* **EXERCISE INSTRUCTIONS**
Each record that follows is to be transcribed exactly, excluding its images.

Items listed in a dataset
* * *
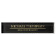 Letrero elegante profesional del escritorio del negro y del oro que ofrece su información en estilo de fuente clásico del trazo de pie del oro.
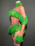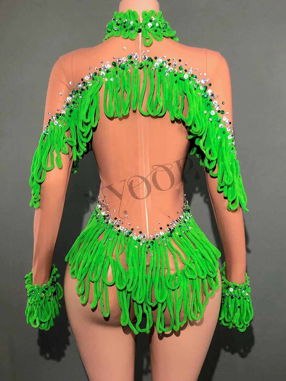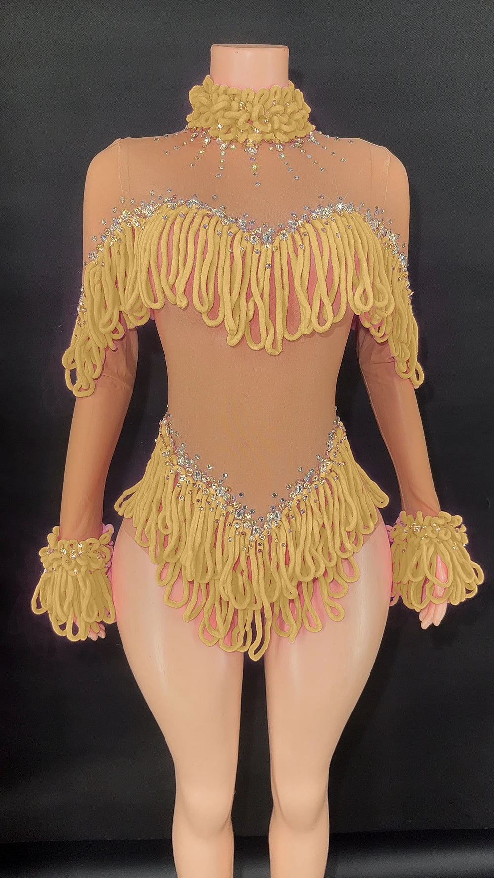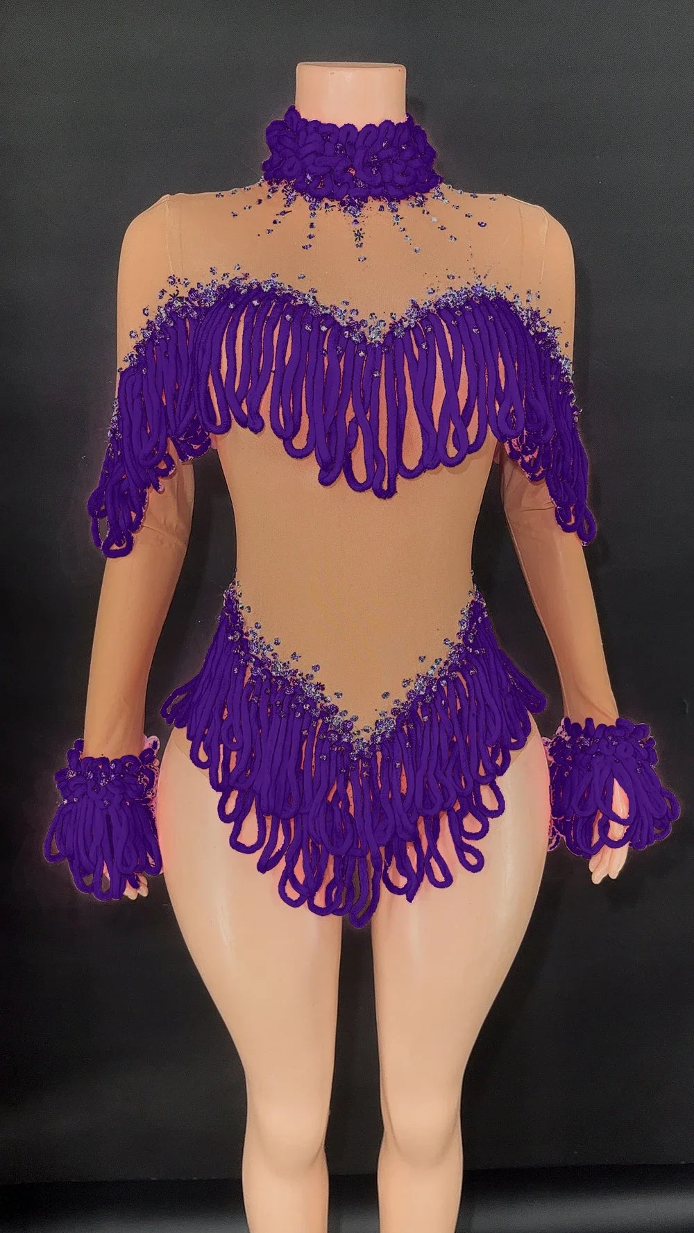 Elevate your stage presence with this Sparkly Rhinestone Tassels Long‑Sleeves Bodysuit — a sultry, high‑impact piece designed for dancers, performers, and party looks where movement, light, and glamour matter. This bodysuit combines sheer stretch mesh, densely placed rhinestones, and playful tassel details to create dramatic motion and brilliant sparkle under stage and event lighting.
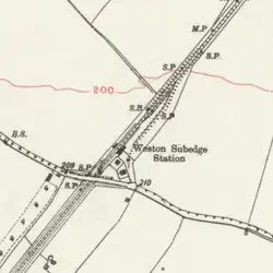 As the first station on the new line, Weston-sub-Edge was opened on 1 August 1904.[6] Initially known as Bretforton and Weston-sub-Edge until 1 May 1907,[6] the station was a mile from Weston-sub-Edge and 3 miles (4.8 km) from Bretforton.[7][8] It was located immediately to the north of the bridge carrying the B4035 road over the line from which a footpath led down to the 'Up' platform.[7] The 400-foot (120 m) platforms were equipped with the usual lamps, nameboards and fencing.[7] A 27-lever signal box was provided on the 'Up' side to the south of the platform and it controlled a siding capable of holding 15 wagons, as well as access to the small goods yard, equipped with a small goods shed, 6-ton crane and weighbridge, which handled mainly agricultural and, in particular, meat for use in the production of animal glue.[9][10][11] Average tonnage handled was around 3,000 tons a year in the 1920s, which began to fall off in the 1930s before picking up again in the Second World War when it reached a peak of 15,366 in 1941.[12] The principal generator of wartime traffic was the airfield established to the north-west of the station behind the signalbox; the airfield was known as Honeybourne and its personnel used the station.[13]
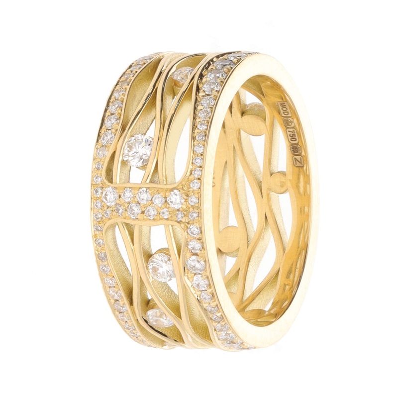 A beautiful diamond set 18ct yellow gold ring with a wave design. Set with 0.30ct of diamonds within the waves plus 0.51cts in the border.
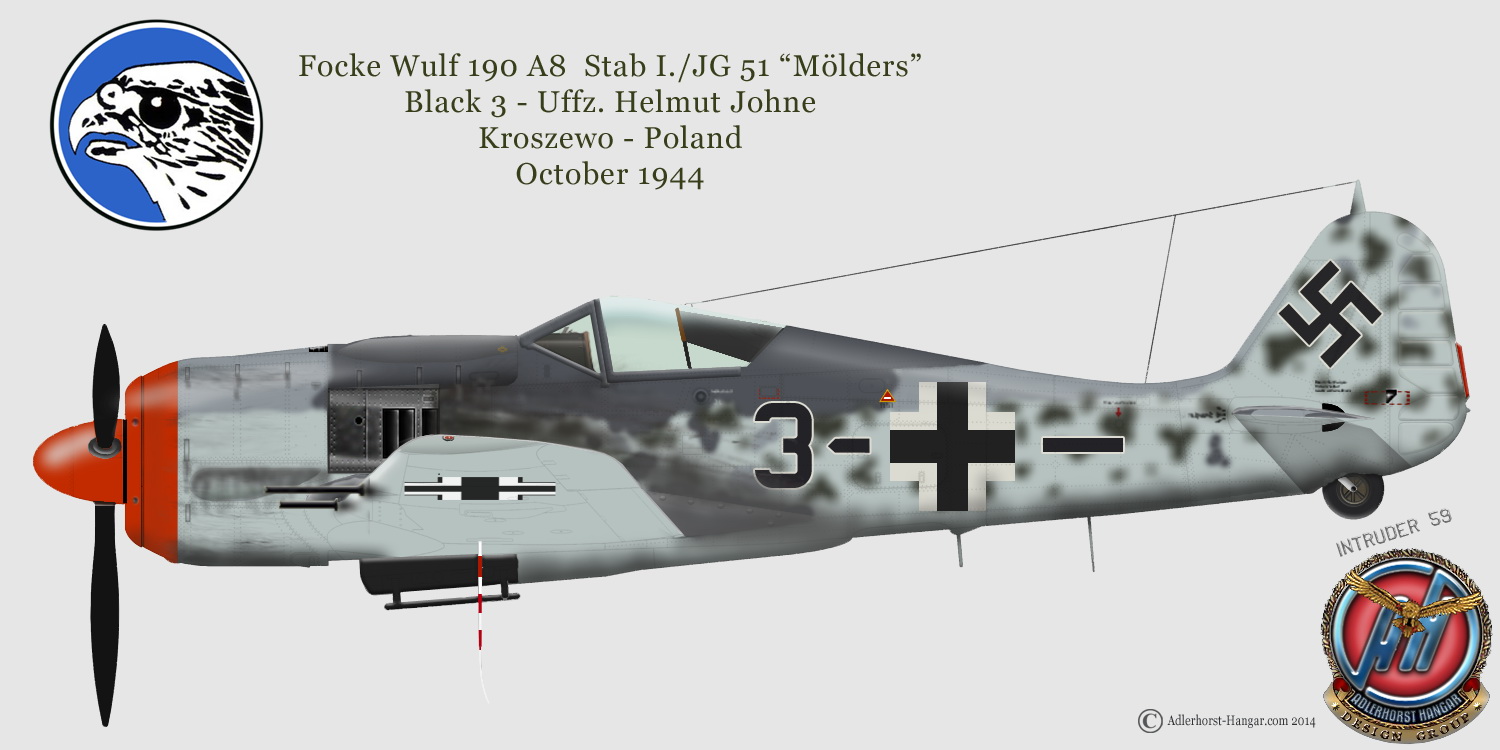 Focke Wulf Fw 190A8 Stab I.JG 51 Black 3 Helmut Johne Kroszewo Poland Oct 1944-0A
* * *
* **COMPLETED TASK**
 Letrero elegante profesional del escritorio del negro y del oro que ofrece su información en estilo de fuente clásico del trazo de pie del oro.
 Elevate your stage presence with this Sparkly Rhinestone Tassels Long‑Sleeves Bodysuit — a sultry, high‑impact piece designed for dancers, performers, and party looks where movement, light, and glamour matter. This bodysuit combines sheer stretch mesh, densely placed rhinestones, and playful tassel details to create dramatic motion and brilliant sparkle under stage and event lighting.
 As the first station on the new line, Weston-sub-Edge was opened on 1 August 1904.[6] Initially known as Bretforton and Weston-sub-Edge until 1 May 1907,[6] the station was a mile from Weston-sub-Edge and 3 miles (4.8 km) from Bretforton.[7][8] It was located immediately to the north of the bridge carrying the B4035 road over the line from which a footpath led down to the 'Up' platform.[7] The 400-foot (120 m) platforms were equipped with the usual lamps, nameboards and fencing.[7] A 27-lever signal box was provided on the 'Up' side to the south of the platform and it controlled a siding capable of holding 15 wagons, as well as access to the small goods yard, equipped with a small goods shed, 6-ton crane and weighbridge, which handled mainly agricultural and, in particular, meat for use in the production of animal glue.[9][10][11] Average tonnage handled was around 3,000 tons a year in the 1920s, which began to fall off in the 1930s before picking up again in the Second World War when it reached a peak of 15,366 in 1941.[12] The principal generator of wartime traffic was the airfield established to the north-west of the station behind the signalbox; the airfield was known as Honeybourne and its personnel used the station.[13]
 A beautiful diamond set 18ct yellow gold ring with a wave design. Set with 0.30ct of diamonds within the waves plus 0.51cts in the border.
 Focke Wulf Fw 190A8 Stab I.JG 51 Black 3 Helmut Johne Kroszewo Poland Oct 1944-0A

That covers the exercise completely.